Я хочу видеть в мужчинах пылкость и благородство, а у женщин -- сияющие
счастьем глаза. Где мне взять таких мужчин и таких женщин? Нет их вокруг
меня, нет их и для себя самих тоже. Я отвечу: они становятся такими, когда
картина мира наполняется смыслом и связями, когда ты повел солдат в военный
поход, начал строить храм или одержал победу. Правда, победа -- пища одного
дня. Победа одержана, и теперь можно только пожинать ее плоды, но это не
значит жить. Почему победа так радостна? Потому что ты рад очутиться со
всеми вместе. Вчера в горе, своем или своих детей, ты был один или с
немногими друзьями, но вот ты расцвел победой -- и с тобой множество людей.

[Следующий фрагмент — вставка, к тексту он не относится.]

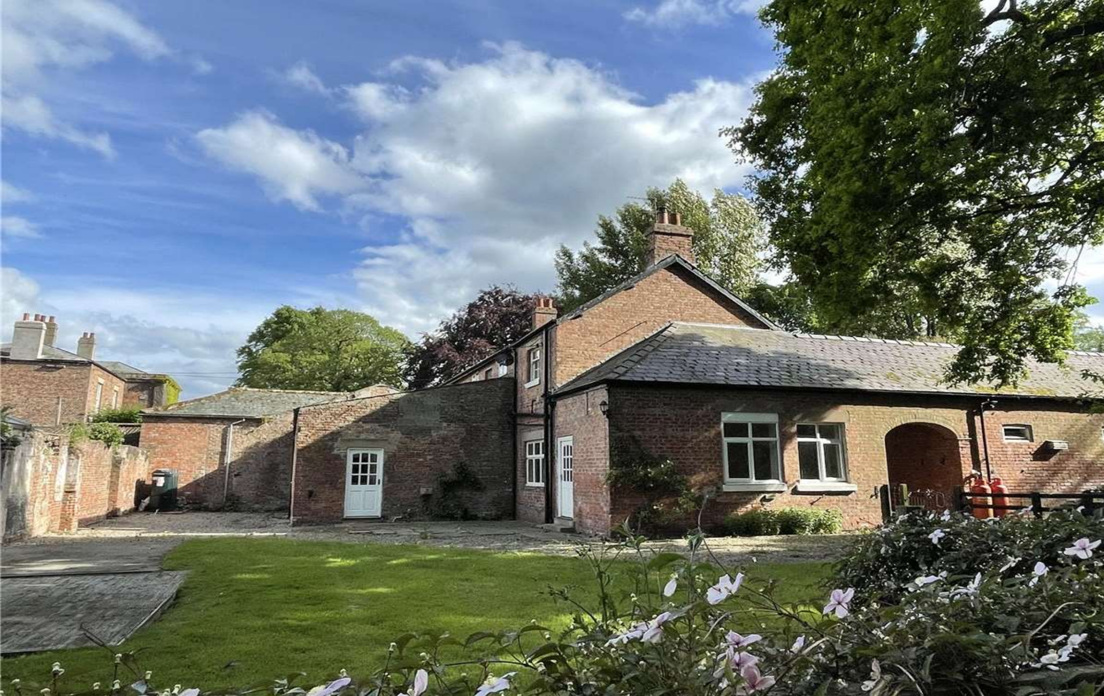
STABLE COTTAGE, KIRKLINGTON, BEDALE, NORTH YORKSHIRE, DL8 2LS £1,250 per month
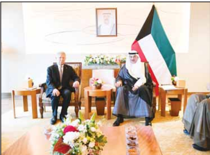
Left: HH the Crown Prince receives Member of the Japanese House of Representatives and President of the Japan-Kuwait Parliamentary Friendship Association. Center: HH the Crown Prince receives Tokyo Governor. Right: HH the Crown Prince receives Chairman of the Japan Cooperation Center for the Middle East and Mitsubishi Heavy Industries.

На строительство храма нужен век, целых сто лет богато сердце зодчего.
Вкладывая, растешь и растишь возможность выкладываться. Строя изо дня в день
свою жизнь, ты обошел круг моего года и, оглянувшись, счастлив ему как
празднику, хоть и не сделал никаких припасов. Памятуя о празднике, ты дарил
и дарил и стал куда счастливее, чем если бы устроил праздник
один-единственный раз. И в детей мы вкладываем себя, дети нам тоже в
радость. В радость и наши груженые корабли в открытом море, им грозят
опасности, они их преодолевают и вплывают вместе с командой в новый рассвет.
Вокруг меня возрастает рвение, растет оно от успешных трудов. И писатель --
графоманам такое не в помощь -- чем больше пишет, тем строже оттачивает
стиль. Но мне не по нраву усердие, которое во что бы то ни стало хочет
преуспеть. Чем больше я узнаю, тем больше хочу знать и тем больше потребляю
чужого, тем больше обираю других и пожираю их, жирею. Тем скуднее у меня
душа.
Одержав победу, человек хочет насладиться ее плодами и видит вдруг, что
обманулся: он перепутал жар творчества со скучным присутствием вещи, которая
его не греет. Конечно, завоеванным пользуются, но желательно пользоваться
им, приготовляясь к новой победе, чтобы воспользоваться вновь завоеванным.
Одно должно подстегивать другое. Так танцуется танец, поется песня, так
молятся, молитвы рождают рвение, а рвение приводит к молитве. И точно так же
живет любовь. Но если я изменился и больше не меняюсь, если не двигаюсь и ни
к чему не стремлюсь, чем я отличаюсь от умершего? Вид, открывшийся тебе с
горы, в радость до тех пор, пока ноют ноги, трудившиеся ради него, пока тело
радо отдыху.
XLII
Я сказал им: "Не стыдитесь ненавидеть". И они приговорили к смерти сто
тысяч человек. Смертники сидели по тюрьмам с досками на груди, словно
меченый скот в стаде. Я обошел тюрьмы, я смотрел на узников. Люди как люди.
Я не нашел отличий. Я вслушивался, наблюдал, смотрел. Видел, что в тюрьме,
как на свободе, делятся хлебом, суетятся вокруг больного ребенка, укачивают
его, не спят ночей. Видел, что и в тюрьмах, как на свободе, мучаются
одиночеством, если остались одни. Плачут, когда в толще стен вдруг узнали
любовь.
Я вспомнил рассказы моих тюремщиков. И попросил привести ко мне
преступника, чей нож еще вчера обагряла кровь. Я допрашивал его сам. Я
вглядывался, но не в него, он уже обречен смерти, -- в непостижимое в
человеке.
Жизнь берет свое где только может. В трещине скалы вырос мох. Первый
суховей пустыни уничтожит его. Но мох спрячет свои семена, они будут жить.
Кто скажет, что он здесь вырос напрасно?
Смертник объяснил, что над ним смеялись, что уязвляли его гордость, его
самолюбие... Самолюбие обреченного смерти...
Я видел: озябнув, узники жались друг к другу. Те же овцы, такие же, что
и повсюду на земле.
Тогда я решил посмотреть на судей, созвал их и спросил:
-- Почему вы отделили вот этих от всех остальных? Почему у них на груди
доски смертников?
-- Такова справедливость, -- отвечали они.
Я размышлял: да, такова справедливость. Справедливость для судей -- это
уничтожение того, кто нарушил общепринятое. Но общепринятое нарушает и негр.
И принцесса, если ты чернорабочий. И художник, если ты чужд художеству...
Я сказал судьям:
-- Мне хотелось бы, чтобы вам показалась справедливостью их свобода.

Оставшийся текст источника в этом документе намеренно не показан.